Assim sendo, o direito à habitação, que na veste de direito de defesa, análogo aos direitos liberdades e garantias, é diretamente aplicável, nos termos do art.º 18º, n.º 1, da Constituição, implica para o Estado a obrigação de se abster de adotar condutas que, de modo arbitrário, privem o cidadão do acesso a uma habitação.
Já no que se refere à vertente da obtenção de uma morada decente ou condigna, o direito à habitação assume essencialmente uma dimensão social de “um direito a prestações, de conteúdo não determinável ao nível das opções constitucionais, a pressupor, antes, uma tarefa de concretização e de mediação do legislador ordinário, cuja efetividade está dependente da reserva do possível, em termos políticos, económicos e sociais(cf. Acórdão do Tribunal Constitucional n.º 374/2002).
A Lei n.º 81/2014 concretiza legislativamente uma certa dimensão do direito à habitação, uma vez que contempla um regime de habitação social, que permite a ocupação de fogos por parte de agregados familiares com menores rendimentos, mediante o pagamento de uma renda “social” ou “apoiada”, ou seja, inferior à de mercado.
(…).
E como se conclui no Acórdão do Supremo Tribunal Administrativo, de 29.03.2006, processo n.º 01203/05, “o direito à habitação, assegurado pelo art.º 65º da CRP, é um direito da generalidade dos cidadãos, que não é necessariamente afetado quando é retirado a determinado agregado familiar o direito a ocupar uma habitação social para o atribuir a outro agregado”.
Por isso mesmo, porque está em causa a atribuição de um bem escasso (habitação social) a um determinado agregado familiar, o que é feito necessariamente em detrimento de outras famílias com idênticas necessidades, o legislador prevê um conjunto de exigências de que faz depender o direito a utilizar a habitação social. (…)” [sublinhados nossos].

Donde, peticionando a Recorrente o direito à habitação social, por pretender manter-se a residir num fogo municipal integrado no património edificado habitacional que o Município de Lisboa afecta ao arrendamento, sob gestão da Recorrida, sem ter observado os termos e condições legalmente previstos para o efeito, é de concluir que a sentença recorrida ao manter o acto que determinou a desocupação pela Recorrente do fogo em causa, não constitui violação do direito à habitação.

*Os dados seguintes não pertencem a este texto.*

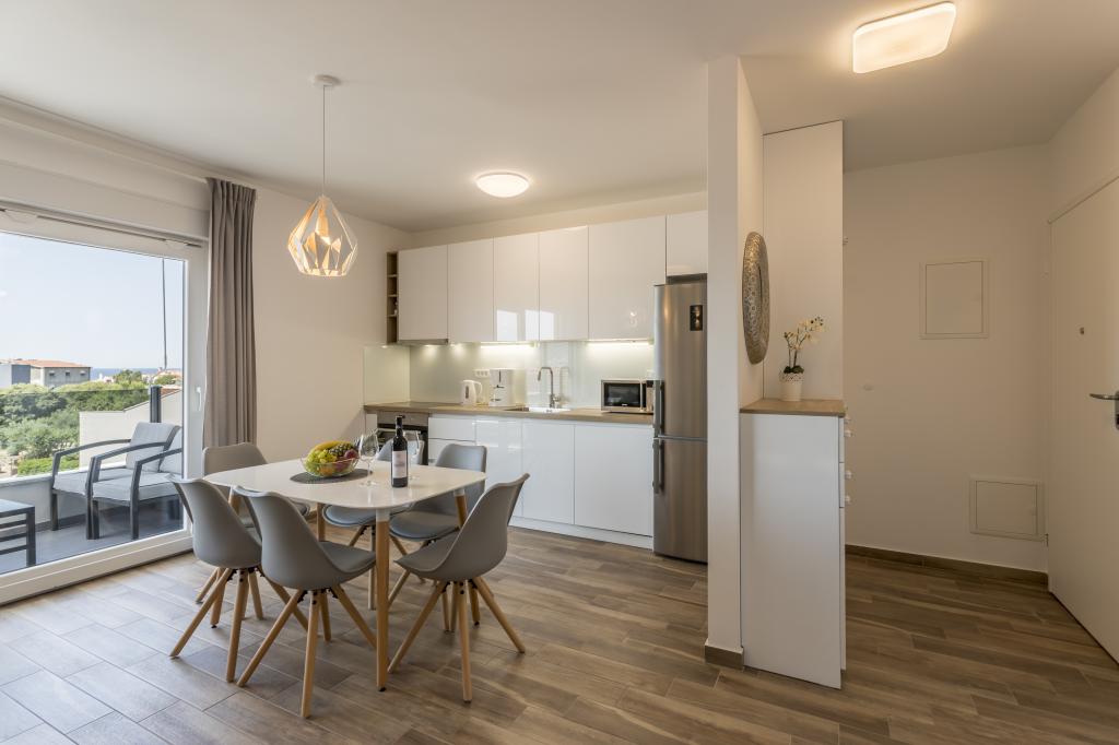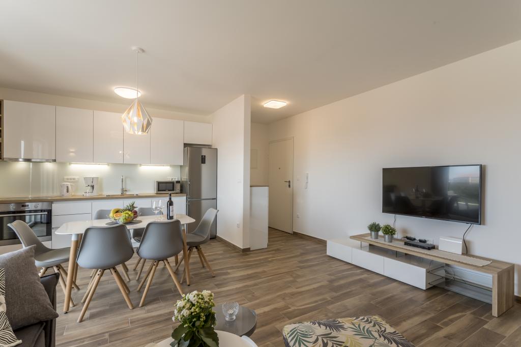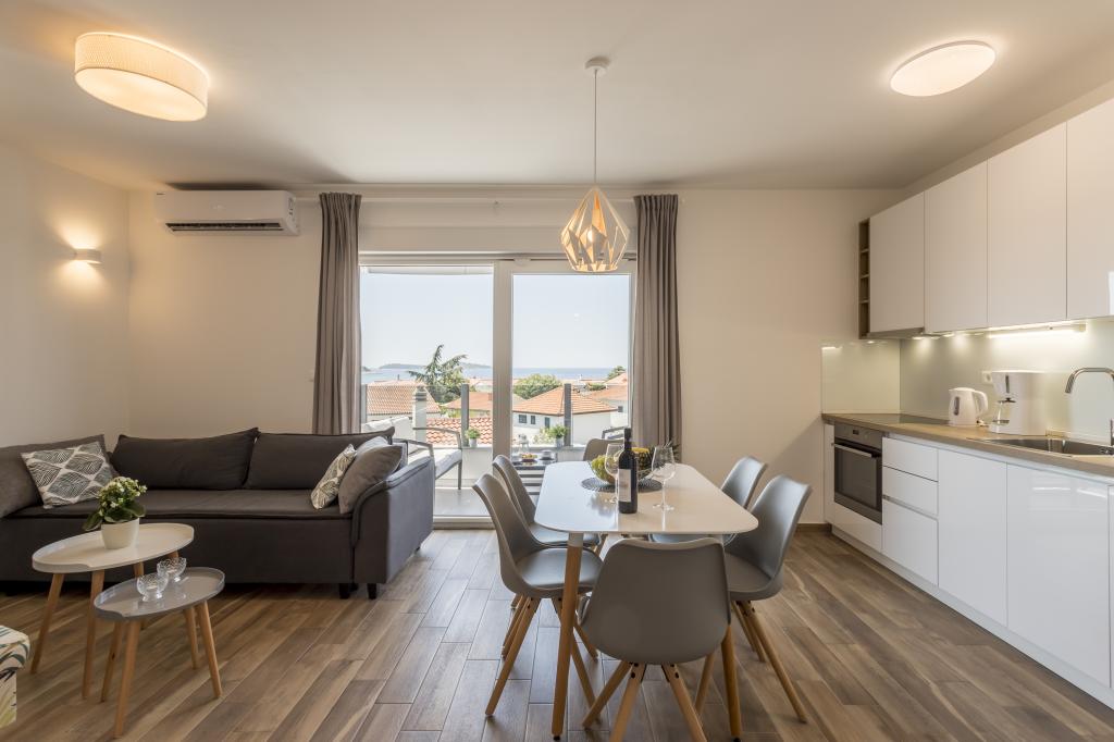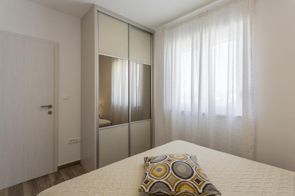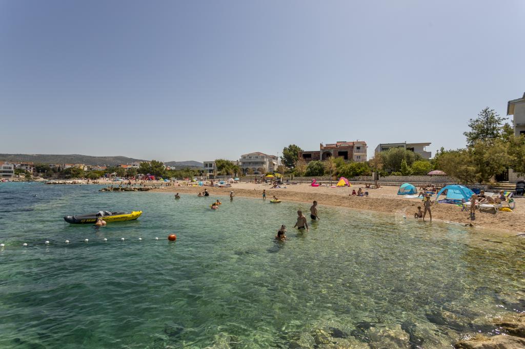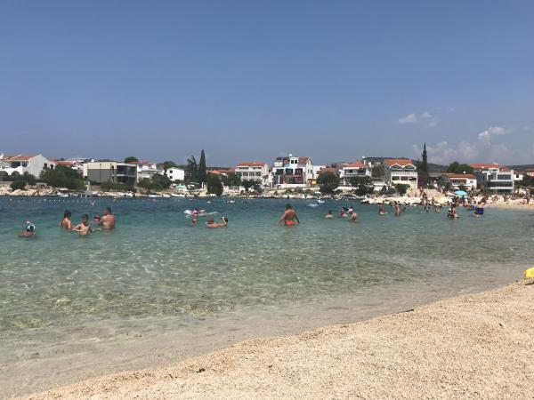 Alt er som i billedet, nyt og klart. Senge er usædvanligt høj kvalitet og komfortabel. Andet inventar og udstyr er kvalitet og smag kombineret. Klimaanlægget er tavst, og det udmattende af udendørs enheder høres ikke, så du kan nyde terrassen og sove i det åbne vindue. Køkkenet er fuldt udstyret, hvis du vil lave mad. Havet og den konkrete strand ligger 1 minuts gang væk, mens stenstranden har en 3-4 minutters gåtur langs havet. Indkvarteringen er ideel til en rolig familieferie. Vi var 4, vi tilbragte 9 dage i lejligheden og vi alle følte i lejligheden og var mere end glade! Mr. Damir og hans kone er meget venlige.

Razão porque também não procede este fundamento do recurso.

Por tudo quanto vem exposto acordam os Juízes deste Tribunal Central Administrativo Sul, em negar provimento ao recurso e manter a sentença recorrida na ordem jurídica.

Custas pela Recorrente, sem prejuízo do apoio judiciário.

Registe e Notifique.

Lisboa, 15 de Outubro de 2020.

(Lina Costa – relatora que consigna e atesta, que nos termos do disposto no artigo 15.º-A do Decreto-Lei nº 10-A/2020, de 13 de Março, aditado pelo artigo 3.º do Decreto-Lei nº 20/2020, de 1 de Maio, têm voto de conformidade com o presente Acórdão os restantes integrantes da formação de julgamento, os Desembargadores Carlos Araújo e Ana Paula Martins).